- Born: Enid Elder Hancock Welsford 26 February 1892 Harrow on the Hill, England
- Died: 4 December 1981 (aged 89) Cambridge, England
- Resting place: Harrow
- Education: University College, London; Newnham College, Cambridge
- Writing career
- Language: English
- Notable works: The Fool: his Social and Literary History (1935)
- Notable awards: Rose Mary Crawshay Prize (1928, 1967)

= Enid Welsford =

Enid Elder Hancock Welsford (26 February 1892, Harrow on the Hill – 4 December 1981, Cambridge) was an English literary scholar, a Fellow of Newnham College, Cambridge, and twice winner of the Rose Mary Crawshay Prize – in 1928 and 1967. She is best known for her book The Fool: his Social and Literary History, published in 1935.

==Life==
Enid Elder Hancock Welsford was born in 1892 to Mildred L. Hancock, an artist, and Joseph W. W. Welsford, a teacher at Harrow School. She attended Conamur School in Kent, then took her undergraduate degree at University College, London in 1911. In 1914, she obtained a first-class degree with a distinction in Old English from Newnham College, Cambridge, where she was to remain for the rest of her career.

Her book of poems The Seagulls and other poems, published in 1904, was appreciated as the work of a prodigy.

Welsford was a practising Christian, a member of the Anglican Franciscans, and a member of the interdenominational Conference of University Teachers. Keen to promote and support women scholars, she co-founded and presided over the University Women's Research Club.

After a stroke in 1978, Welsford struggled for several years. She died at her home in Cambridge, on 4 December 1981.

==Career==
Enid Welsford obtained a Marion Kennedy studentship at Newnham with which she studied comparative literature in Old English under H. M. Chadwick. Her researches continued till 1918, after which she switched to literature from later periods. She had also started teaching at Newnham College in 1916. She became a Fellow of the college in 1921 and a university lecturer in 1928, a position she kept till 1959. She also was a director of studies in archaeology and anthropology (1939–1952), as well as of moral sciences (1941–1952).

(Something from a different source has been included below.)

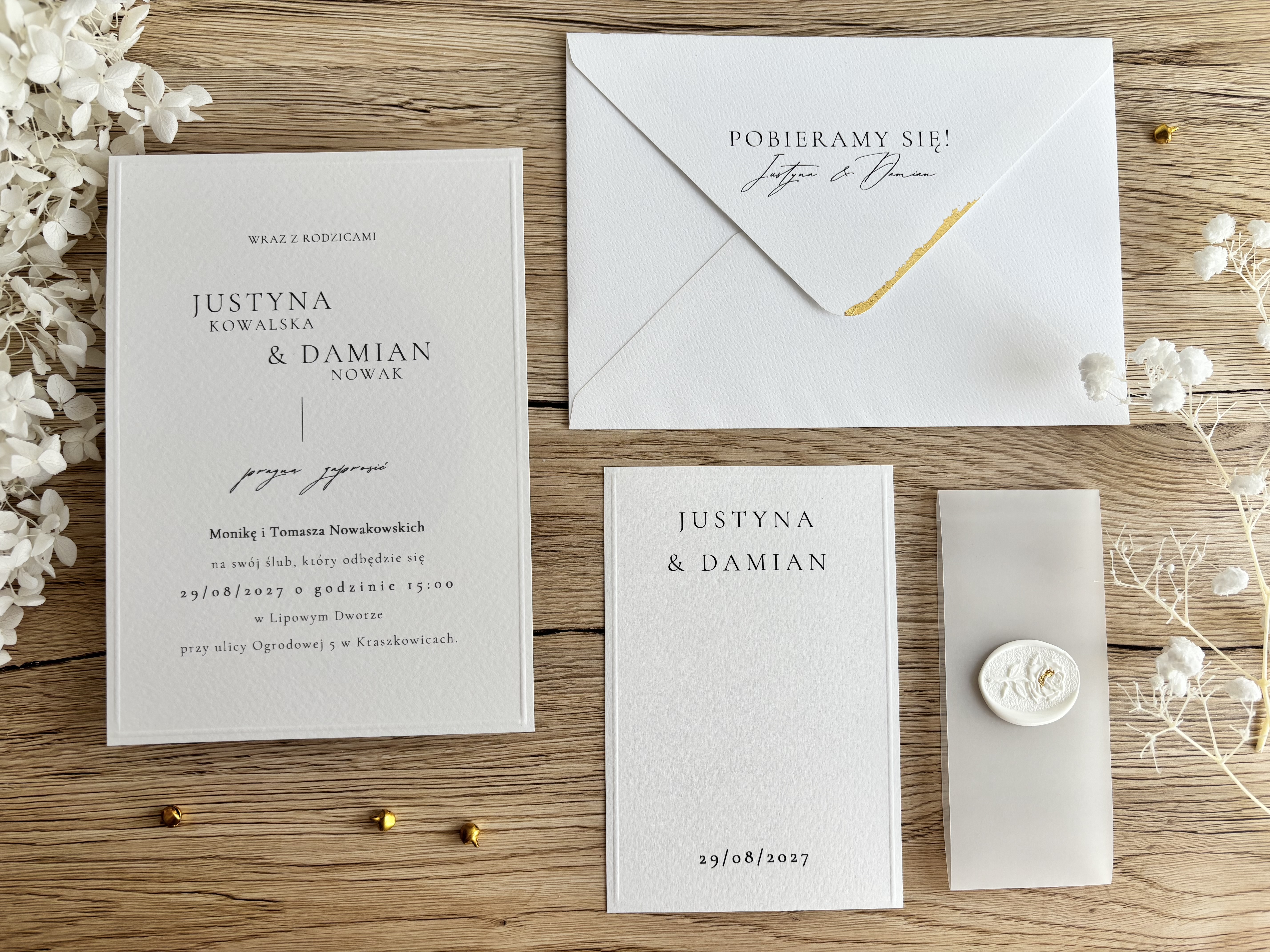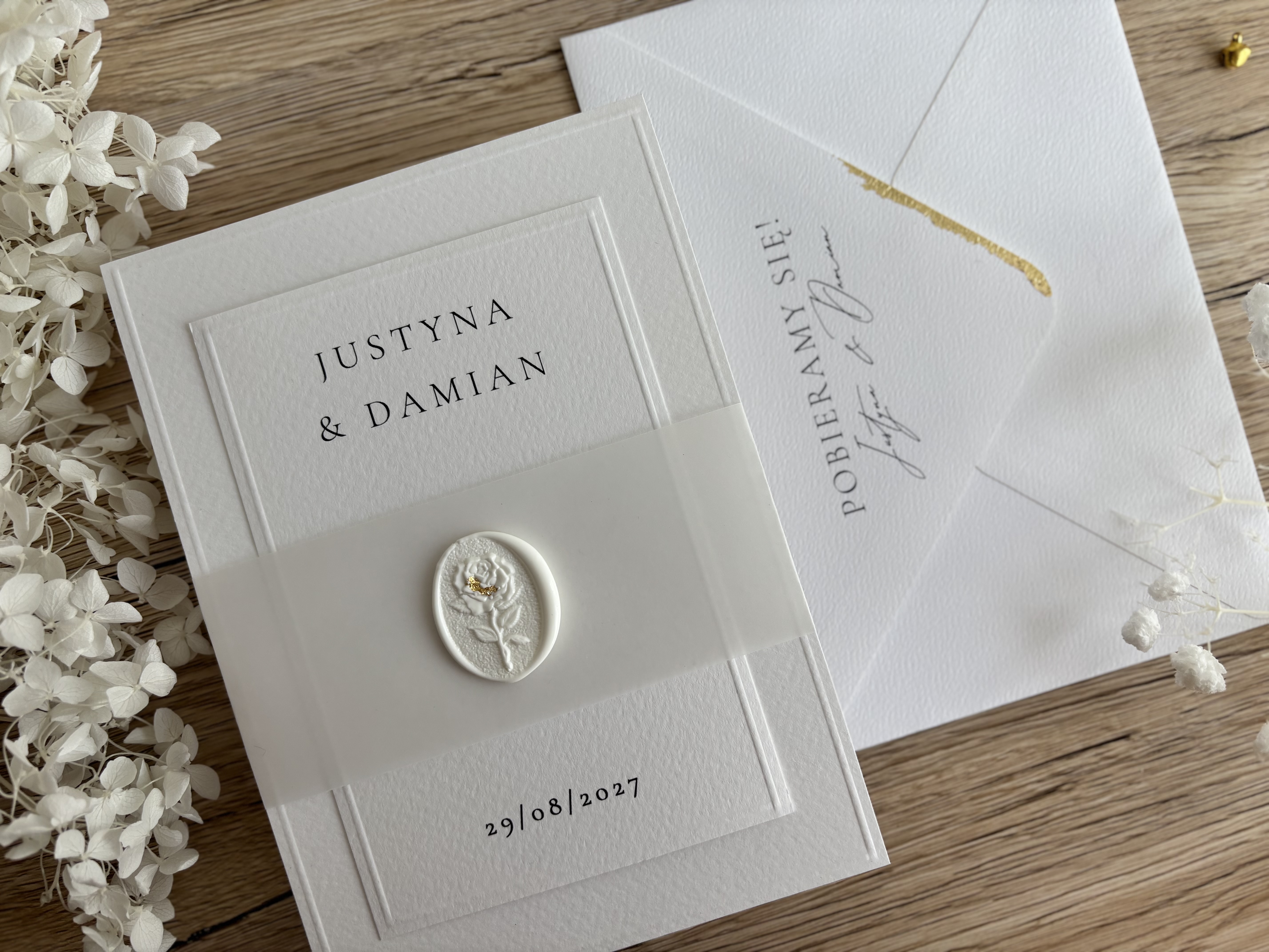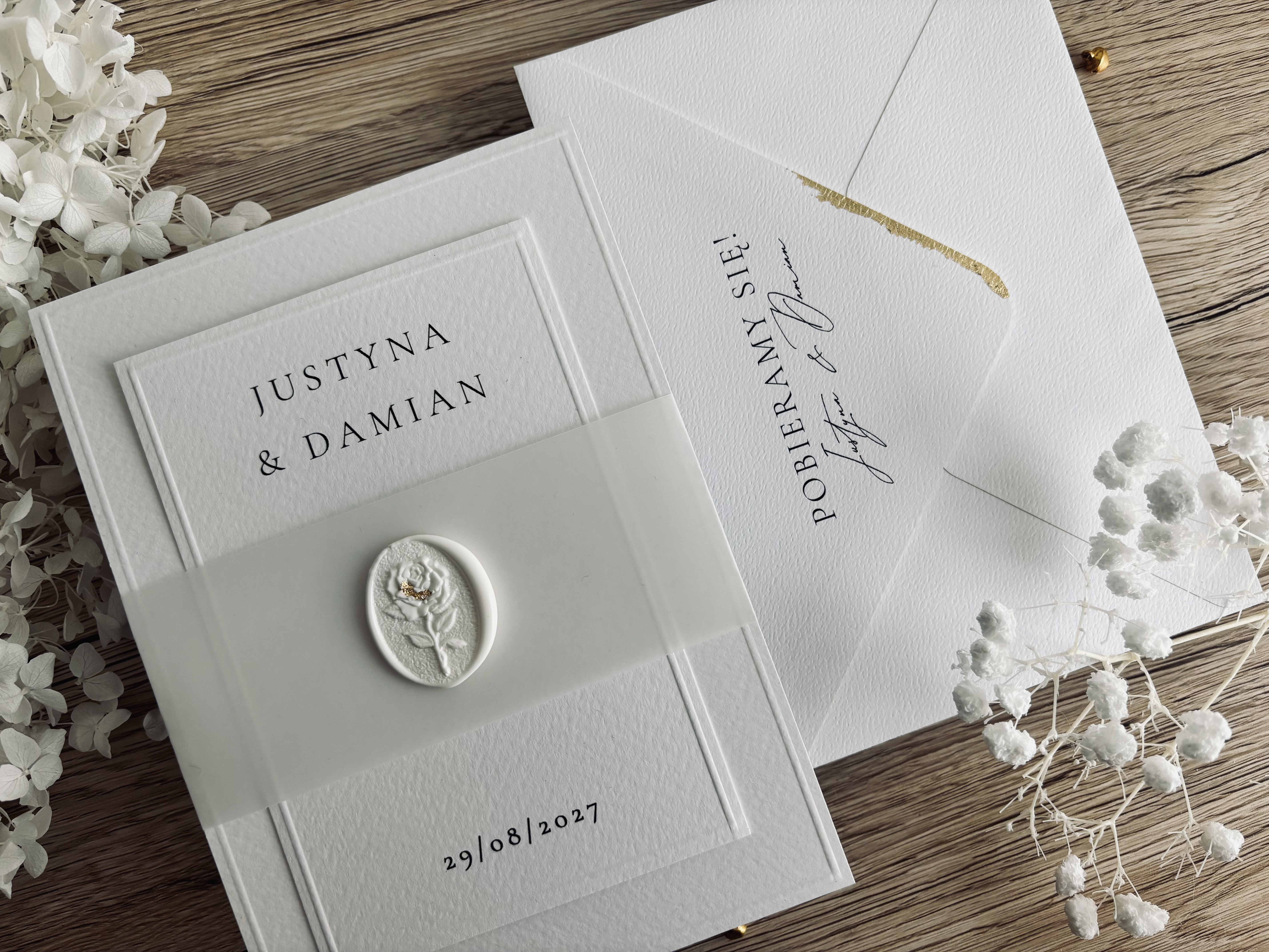 Wyjątkowe zaproszenia ślubne stworzone dla par ceniących ponadczasową elegancję i dopracowane detale. Połączenie wysokiej jakości papieru fakturowanego, półtransparentnej kalki oraz ręcznie wykonanej pieczęci lakowej tworzy harmonijną, luksusową kompozycję.

Welsford's first book, The Court Masque appeared in 1927, and was well-received, winning the Rose Mary Crawshay Prize the following year. She examined the progress of the masque and the antimasque in the history of English poetry, showing how the catholic Tudor court absorbed European influences, whose admixture formed the English masque. By the time of Ben Jonson, the chaos of the grotesques in the antimasques was circumscribed and in opposition to the main action of the court progress.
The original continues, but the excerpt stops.